Take the lines below between the one holding "来源:小红书用户@六一的吃冰" and the one holding "2025新款幻影纱窗帘纱帘透光不透人卧室客厅阳台遮阳飘窗隔热简约", inclusive, and copy them exactly. Add nothing.

START RECORDS FOR THIS EXERCISE

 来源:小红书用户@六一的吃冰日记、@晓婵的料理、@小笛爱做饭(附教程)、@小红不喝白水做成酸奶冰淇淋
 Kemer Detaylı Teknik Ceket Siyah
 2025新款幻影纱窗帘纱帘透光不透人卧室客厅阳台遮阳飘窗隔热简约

END RECORDS FOR THIS EXERCISE
START RECORDS FOR THIS EXERCISE

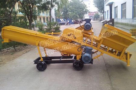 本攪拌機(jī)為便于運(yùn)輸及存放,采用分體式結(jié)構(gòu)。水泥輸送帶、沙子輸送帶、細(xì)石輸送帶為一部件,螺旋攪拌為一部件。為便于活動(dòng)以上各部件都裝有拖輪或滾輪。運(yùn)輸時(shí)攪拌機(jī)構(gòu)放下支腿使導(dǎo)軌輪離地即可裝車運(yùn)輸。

END RECORDS FOR THIS EXERCISE
START RECORDS FOR THIS EXERCISE

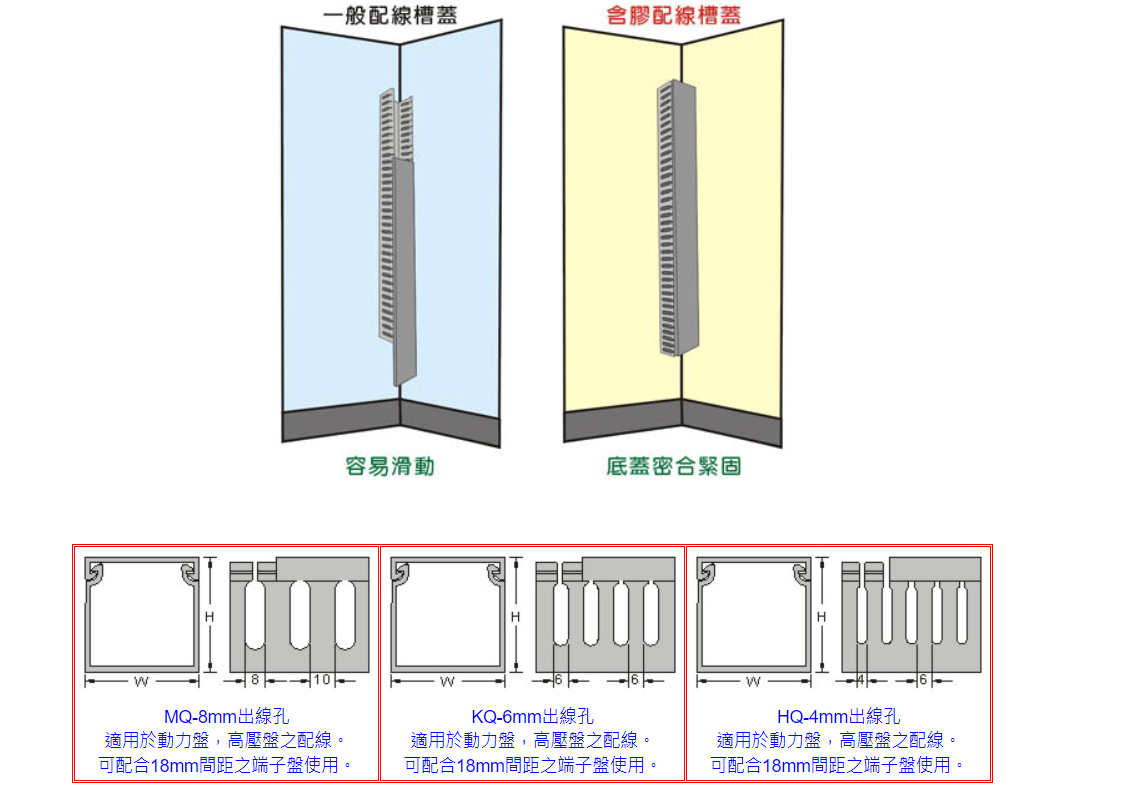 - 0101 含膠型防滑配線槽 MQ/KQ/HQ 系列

END RECORDS FOR THIS EXERCISE

● **WRITTEN SOLUTION**
 来源:小红书用户@六一的吃冰日记、@晓婵的料理、@小笛爱做饭(附教程)、@小红不喝白水做成酸奶冰淇淋
 Kemer Detaylı Teknik Ceket Siyah
 2025新款幻影纱窗帘纱帘透光不透人卧室客厅阳台遮阳飘窗隔热简约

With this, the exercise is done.